Communications interactives

Enfin le chiffre 7 est corroboré par l’observation de Fred Brooks (dans le vieux et célèbre “homme mois mythique”), qui démontre visuellement que le nombre d’interactions devient insoutenable dès que l’on franchit la barre des 7/9 personnes. C’est à dire qu’une vraie communication et dynamique d’équipe se bâtit… de 4 (à partir de quatre sensation d’équipe, avec c’est encore des individualités, ce n’est pas négatif cependant), jusqu’à 8. Au delà de 8 on observe que les communications interactives se scindent en deux groupes.

Ainsi donc à la recherche d’un sentiment d’appartenance je vais décliner mon organisation en groupes de 150/220, puis 50, enfin des équipes de 4 à 8. Ainsi mon implication et mon engagement seront meilleurs.

Courbe de Allen

Puisque l’on parle qualité de la communication, je précise souvent que la co-localisation est clef. Cette observation est confortée par les études “officielles” (de IBM !) qui décrivent qu’au delà de 15m la communication s’effondre.
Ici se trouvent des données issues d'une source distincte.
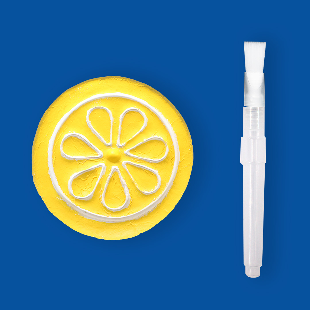 - Une fois la pâte sèche, je passe à l’étape peinture à l’aide de mes pinceaux à réservoir pour peindre une belle rondelle de citron.
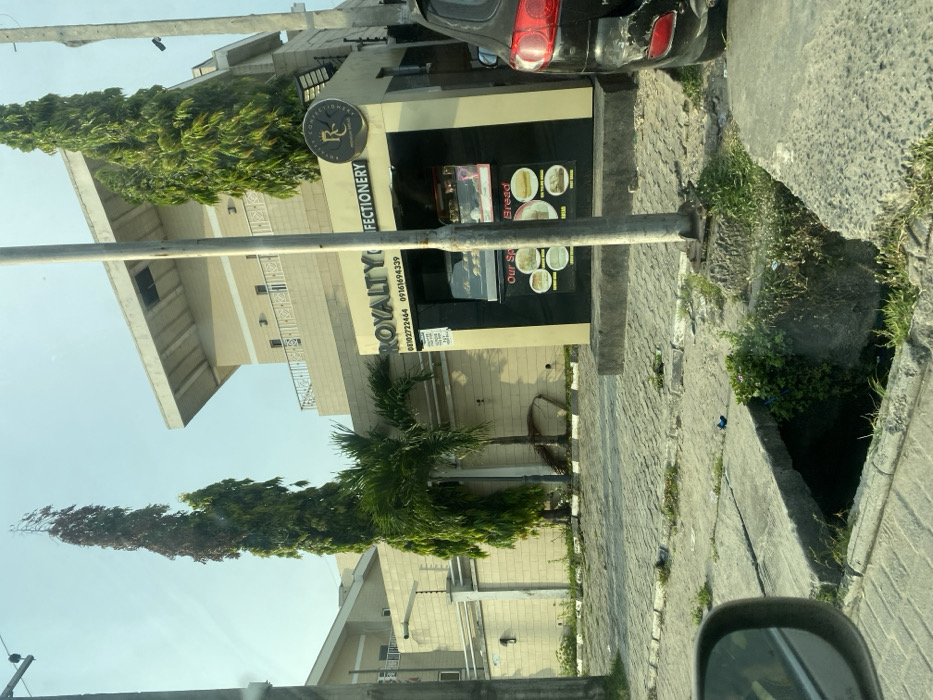 The image depicts a street scene in Ilado, Nigeria, featuring a multi-story building housing a commercial establishment, alongside roadside infrastructure and vegetation. In the mid-ground, a light-colored, multi-story building, possibly beige or cream, presents a flat roof and multiple balconies with white railings on its upper levels. The ground floor accommodates "ROYALTY CONFECTIONERY," marked by a black sign with white lettering and a circular "RC" logo. Adjacent to the main entrance, a standalone kiosk-style structure, framed in a light yellowish-beige and featuring black display panels, is also part of the confectionery. This kiosk displays baked goods behind glass cases and advertises "Our Special Bread" with images of various bread types. Contact numbers, 08102722464 and 09161694339, are visible on a sign near the confectionery. To the left of the building, a light-colored concrete fence topped with what appears to be security wiring (either barbed or electric) extends horizontally. Behind this fence, another building is partially visible. Vegetation includes several tall, slender trees with dense green foliage, one of which exhibits dry, brown leaves at its apex. A smaller palm tree with green fronds is situated near the fence. Grasses and weeds grow along the edges of the pavement and within cracks. The ground is paved with interlocking concrete blocks, showing signs of wear and cracking. A concrete curb runs parallel to the building, separating the paved area from an open drainage ditch. The ditch contains dark material or stagnant water and is partially covered by concrete slabs, with plant growth on its banks. A grey utility pole stands centrally in the foreground, partially obscuring the confectionery kiosk. On the far right, the rear section of a black vehicle, likely an SUV or crossover, is visible, showing a red taillight and noticeable damage to its driver-side rear bumper. A side mirror of the viewing vehicle is present in the lower-left corner of the frame. The sky above is clear and light blue, indicating daylight conditions. No individuals are visible in the scene.
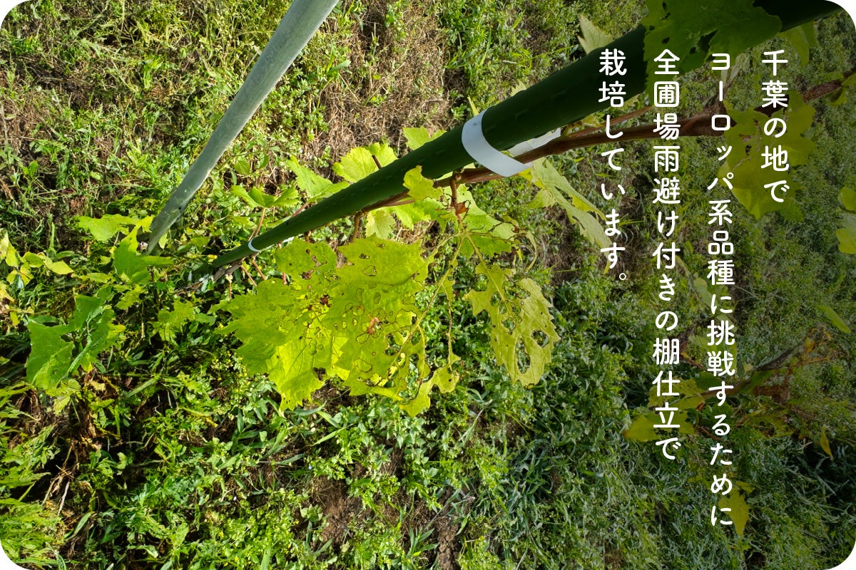 しかし、日本の気候はヨーロッパとは異なり、高温多湿です。ヨーロッパ系品種は、うどんこ病や灰かび病、べと病などの糸状菌類に対して耐性が弱く、ヨーロッパ式の垣根仕立てでは病害のリスクが高まると私たちは考えています。それでも、この千葉の地でヨーロッパ系品種に挑戦するために全圃場雨避け付きの棚仕立で栽培することに決めました。
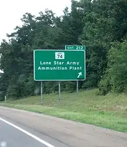 Spur 74 provides access from I-30 to the now-deactivated Lone Star Army Ammunition Plant. The southern terminus is at US 82 near Victory City, at the entrance to the Lone Star Army Ammunition Plant.[2] The short route travels north through Leary before ending at an interchange with I-30 at Exit #212.[1]
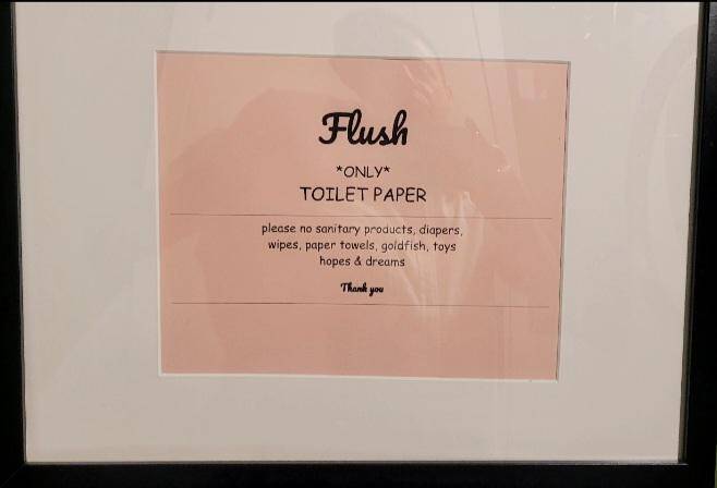 Please, only flush toilet paper—no goldfish, toys, or your dashed hopes and dreams. Finally, a sign that gets how tempting it can be to throw it all away.

Aleister Cockburn utilise la métaphore suivante : au delà de la distance d’un bus la communication s’effondre.

Ces dernières années je pourrais remettre en question cette question de distance et de co-localisation car les nouveautés technologiques peuvent la rendre invisible. Sous couvert de plusieurs conditions, mais c’est probablement l’objet d’un autre article.

Travailler pour quelque chose qui nous dépasse, de plus grand que nous

Nous avions parlé d’un objectif clair pour engager les joueurs de jeux vidéos. Dans “la vraie vie” – comme on l’entend souvent – celui doit être habité par du sens. C’est la fable du tailleur de pierre, je suis engagé si je ne taille pas simplement une pierre, ou même si je ne fais que cela pour nourrir ma famille, je suis engagé, impliqué, si je vois la cathédrale que nous batissons au travers de ma taille.

Conclusion de cette série

Je reprends comme je le disais dans cette série des écrits passés, qui me semblent toujours d’actualité avec des conversations actuelles et récentes. Je vais continuer ce travail de réfection.

Pour conclure sur l’engagement : un objectif clair qui soit habité par du sens, des règles claires mais qui laissent assez d’espace pour l’autonomie et le sentiment de contrôle, du feedback qui permette un sentiment de progrès régulier, une invitation et les conditions d’une dynamique de groupe.